Vegetables for vitality: chili peppers

October 9, 2015

Mild to fiery, chili peppers spice up the cuisines of many countries, in particular those of Mexico and Thailand. Here are a few reasons why you should add them to your diet:

Vegetables for vitality:  chili peppers

Nutritional value

Packed into 50 millilitres (1/4 cup) of chili peppers:

  • less than 20 calories
  • more than 150 percent of the daily requirement for vitamin C
  • beta-carotene to help fight chronic disease
  • folate for normal growth
  • vitamin B6 for normal brain function and formation of red blood cells
  • the antioxidant capsaicin to fight cancer and ulcers

At the market

Season:

  • Most supermarkets carry fresh chili peppers all year, though some have a wider variety than others. Asian markets are usually the best source.

What to look for:

  • Fresh chili peppers should have fresh-looking green stems and be well-shaped, firm and glossy, with no wrinkles.
  • Dried hot chili peppers should be glossy and unbroken.

In the kitchen

Storing:

  • Wrap unwashed chili peppers in paper towels. Don't use plastic bags because moisture causes chili peppers to decompose.
  • Keep fresh chili peppers in the vegetable drawer of the refrigerator for up to three weeks.
  • Dried chili peppers can be stored in an airtight container at room temperature; they will last as long as four months. In the refrigerator, they'll last even longer.

Preparation:

  • Take care when handling chili peppers.
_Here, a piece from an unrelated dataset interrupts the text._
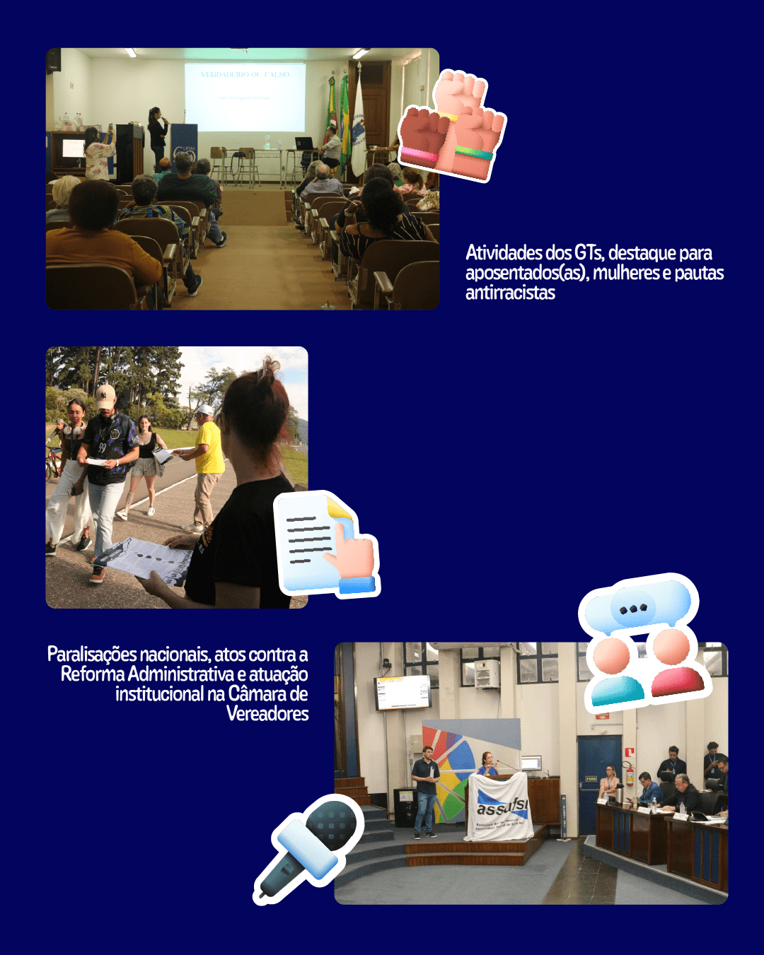 No campo institucional, a entidade participou da Tribuna Livre da Câmara Municipal de Santa Maria, dialogando com vereadores(as) e solicitando apoio político contra a PEC 38, ampliando o debate junto à sociedade e ao poder legislativo local.

The membranes and seeds harbor capsaicin, the substance that makes chili peppers hot. It can badly irritate the skin and cause considerable discomfort if it gets in your eyes. You might want to wear rubber gloves while you prepare them.
  • Wash chili peppers, cut them open and remove the membranes and seeds if you prefer a milder flavour in your dish.
  • After chopping chili peppers, wash the cutting board and the utensils, as well as your gloves.
  • If you grind dried chili peppers to use in powder form, be careful not to inhale the fumes or expose your eyes to them. To minimize discomfort, try soaking chili peppers in hot water for 30 minutes, then puréeing them with a little of the soaking liquid. Then proceed with your recipe.

Basic cooking:

  • Just a sprinkling of chopped chili adds zing to all kinds of dishes from hamburgers to salad dressings.
  • Roast and peel large mild chili peppers just as you do peppers, then stuff them with cheese or meat and deep-fry.
  • Remove the ribs and seeds when you peel them.

Fresh ideas

  • Add finely chopped chili to corn bread or corn muffins.
  • Make a hot chili and sweet pepper salsa by finely chopping red, green and orange peppers and jalapeño and chipotle chili peppers. Add finely chopped red onion and cilantro and vinegar. Serve with meat or poultry.
  • A sprinkling of chopped chili peppers adds a kick to tomato sauce, meat loaf or a cheese sauce.

Did you know?

  • Red chili peppers contain more than 10 times the amount of beta-carotene found in the green variety.
  • Pimentos are often confused with chili peppers; they're a variety of pepper.
  • Pimentón, a spice much used in Spanish cooking and similar to paprika, is made from dried, ground pimentos.

Wow, there's a bunch of great ideas for adding chili peppers to your regular meals. Not only are they healthy, but they're sure to spice up any dish and add some extra flare!